Política
CIENTISTA POLÍTICO VÊ COMO POSITIVA VOLTA DO PACTO FEDERATIVO
Ranulfo Paranhos ressalta que governo Paulo Dantas começa segunda gestão com apoio federal e tem maioria dos 27 deputados estaduais
Superados os embates da campanha eleitoral, empossados os eleitos sem traumas constitucionais, o Brasil volta à normalidade política. Estados que precisam superar a desigualdade social como Alagoas, que tem mais da metade da população em situação de vulnerabilidade, poderão obter investimentos significativos em Saúde, Educação, Assistência e socorro social.

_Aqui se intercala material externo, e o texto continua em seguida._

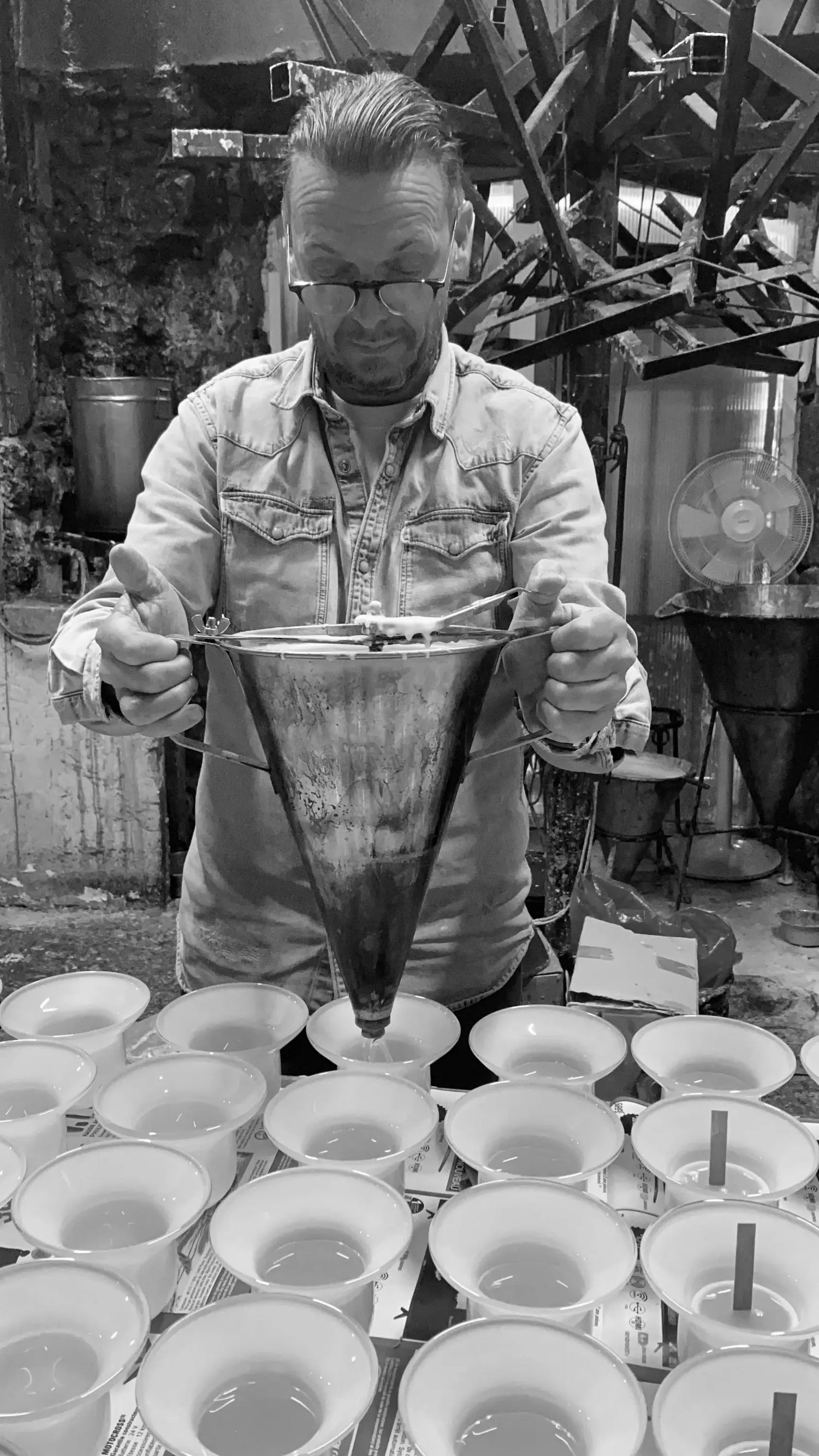 Our candles are made by Sylvain, a master candle-maker on the Côte d'Azur since the age of 14. He is a true enthusiast. His factory, created 40 years ago by his father-in-law, is located in a place steeped in history, an old oil mill in the medieval village of Auribeau, dating back to the 13th century.
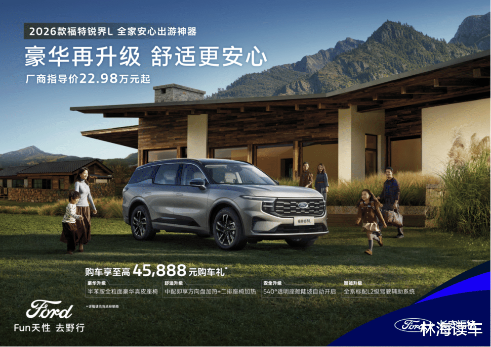 一直以来,福特锐界L不断倾听用户真实用车需求,致力于为中国家庭提供更舒适的驾乘体验。此次2026款福特锐界L上市焕新,带来了豪华、舒适、安全和智能四大升级,主力车型,加配不加价。
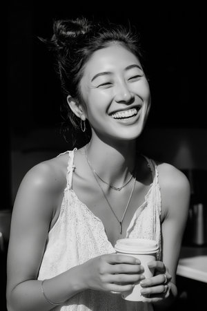 Portrait of a beautiful young Asian woman holding a cup of coffee
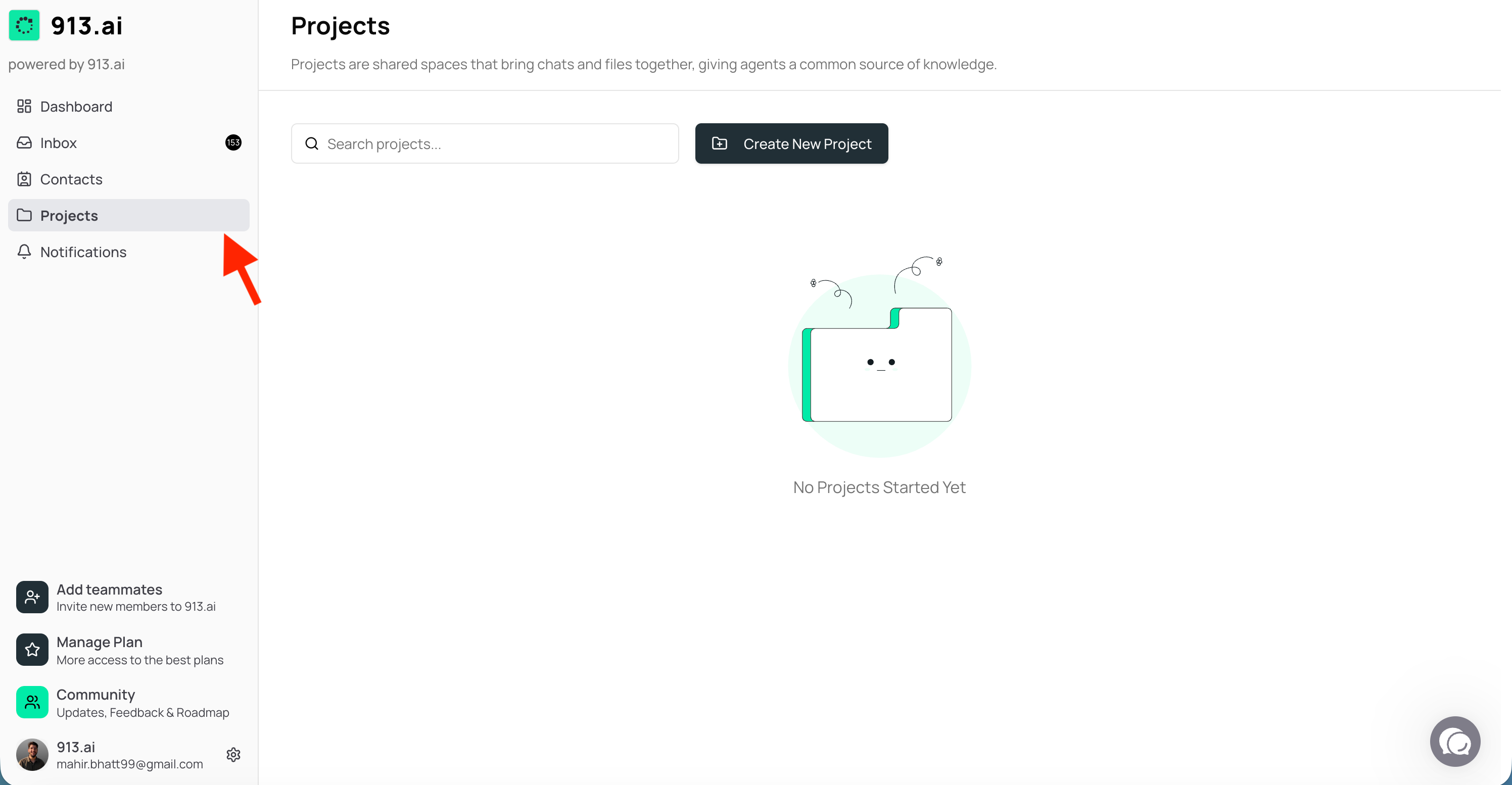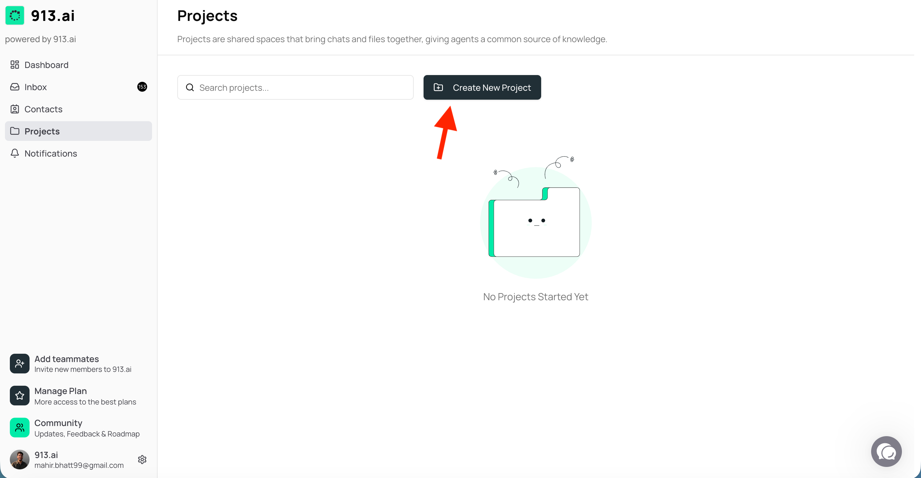 This help guide walks you through every step of creating and managing Projects in 913.ai — from setting up your first Project to collaborating with teammates and AI agents. It explains how to name and describe Projects, add members, upload files, and start chats — all with clear examples tailored for insurance, finance, legal, and HR teams. The guide also clarifies how Projects differ from general inbox conversations and how shared memory keeps your work connected.
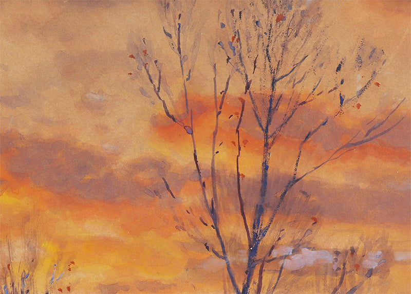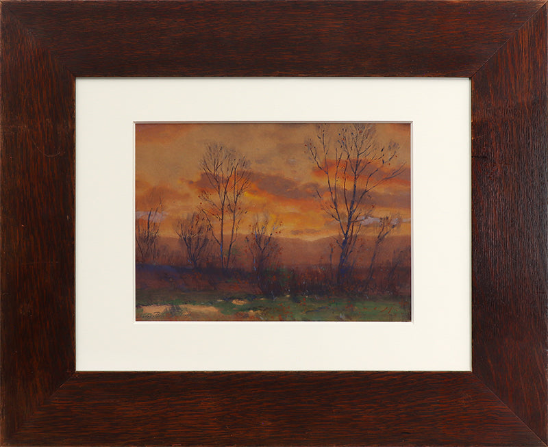 Original circa 1900 painting by Denver artist Charles Partridge Adams. Landscape depicting a vivid orange sunset along the front range in Colorado. Watercolor on paper. Signed by the artist, lower left. Presented in a custom frame with an 8 ply archival mat and anti-reflective UV70 protectant glass.
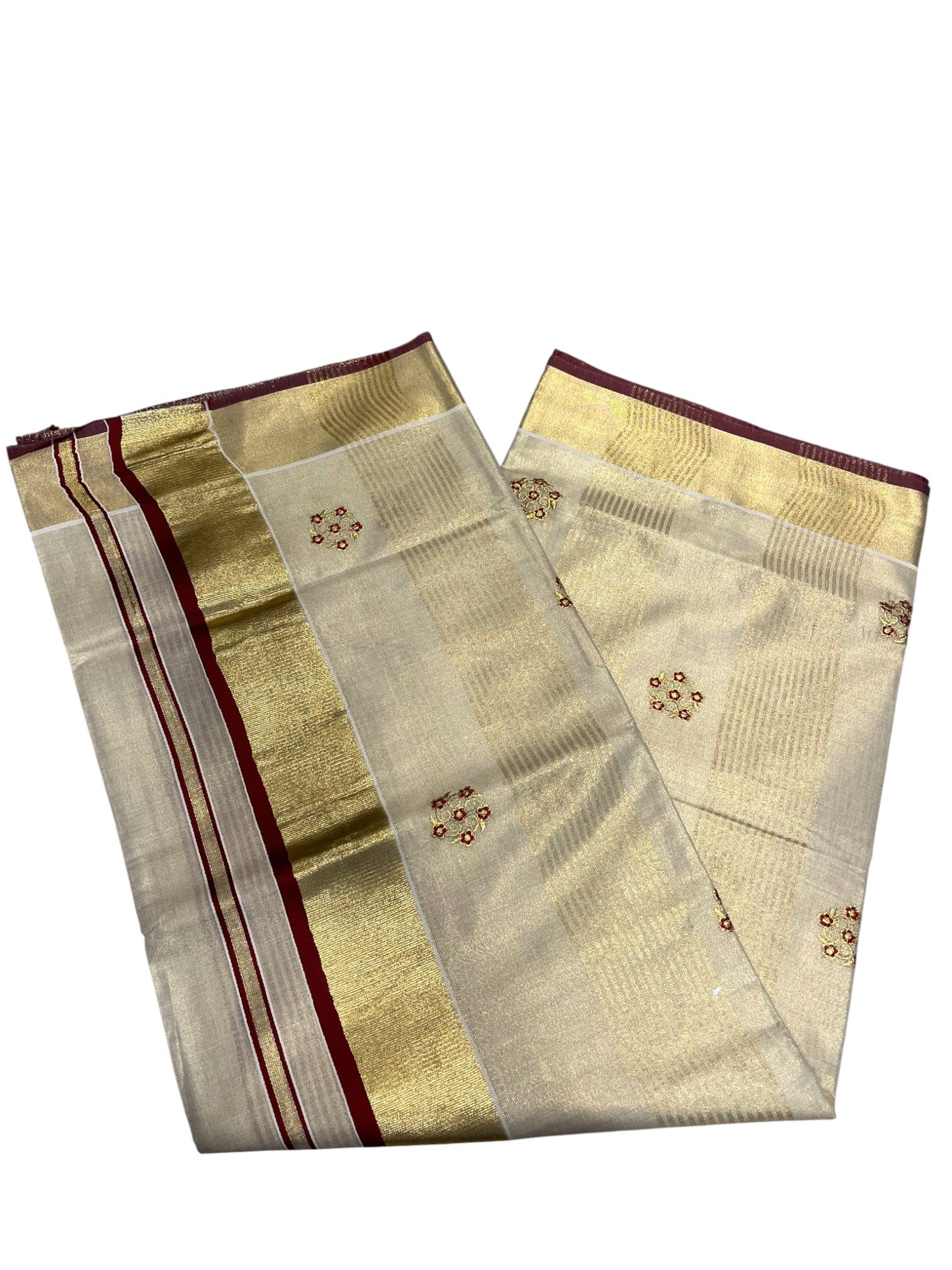 Kerala Tissue Kasavu Stripes Saree with Maroon and Gold Embroidery Design on Body
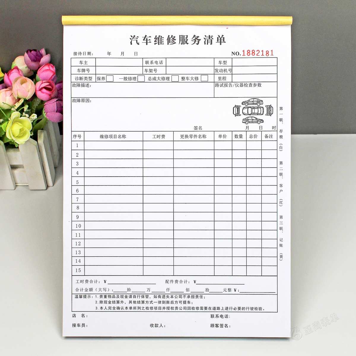汽修厂维修服务清单二联收据汽车修理费明细结算单据接车单定制
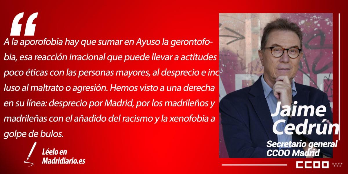 • Artículo de opinión de Jaime Cedrún, secretario general de CCOO Madrid
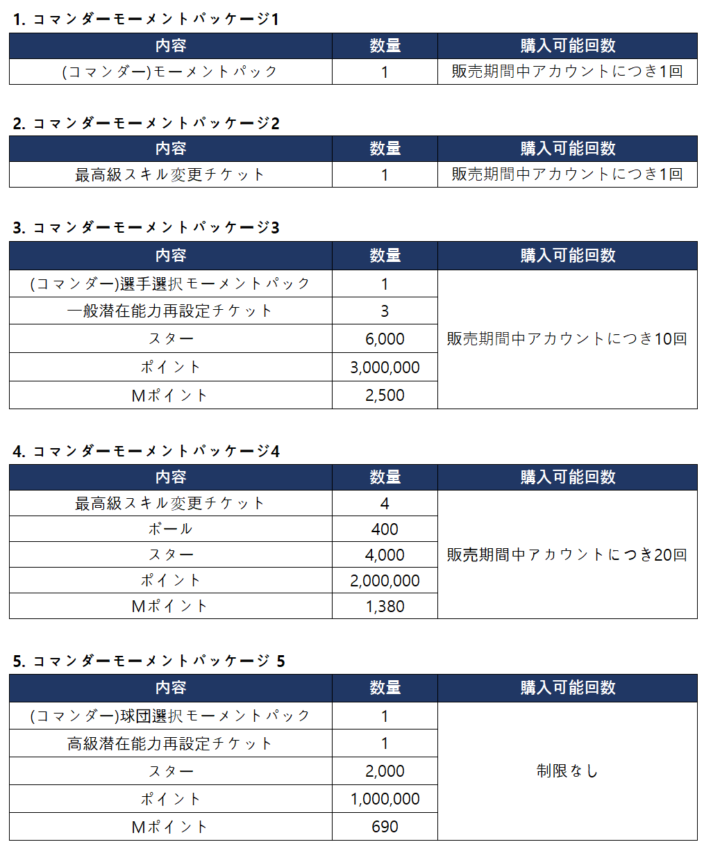 ■ コマンダーモーメントパッケージ販売について

“A expectativa não é resolver os problemas de uma vez só. O que se quer é evitar ameaças à democracia e que os governos estaduais tenham as demandas atendidas”, afirma o cientista social da Universidade Federal de Alagoas, Ranulfo Paranhos, ao destacar como “positivo” o restabelecimento do pacto federativo entre a União, Estados e Municípios. “As demandas da sociedade são mais importantes que o posicionamento político entre os entes federativos”.
O pacto federativo será retomado no próximo dia 27, quando o presidente Luiz Inácio Lula da Silva (PT) se reunirá com os 27 governadores para discutir demandas e governanças. O governador Paulo Dantas (MDB), que estava em Brasília, já confirmou presença e deverá entregar uma pauta de demandas onde consta também 300 obras em andamento que precisam de recursos federais. O cientista político da Ufal observa que o governo estadual tem aliança com o governo federal, apoio da maioria das bancadas de parlamentares federais e estaduais.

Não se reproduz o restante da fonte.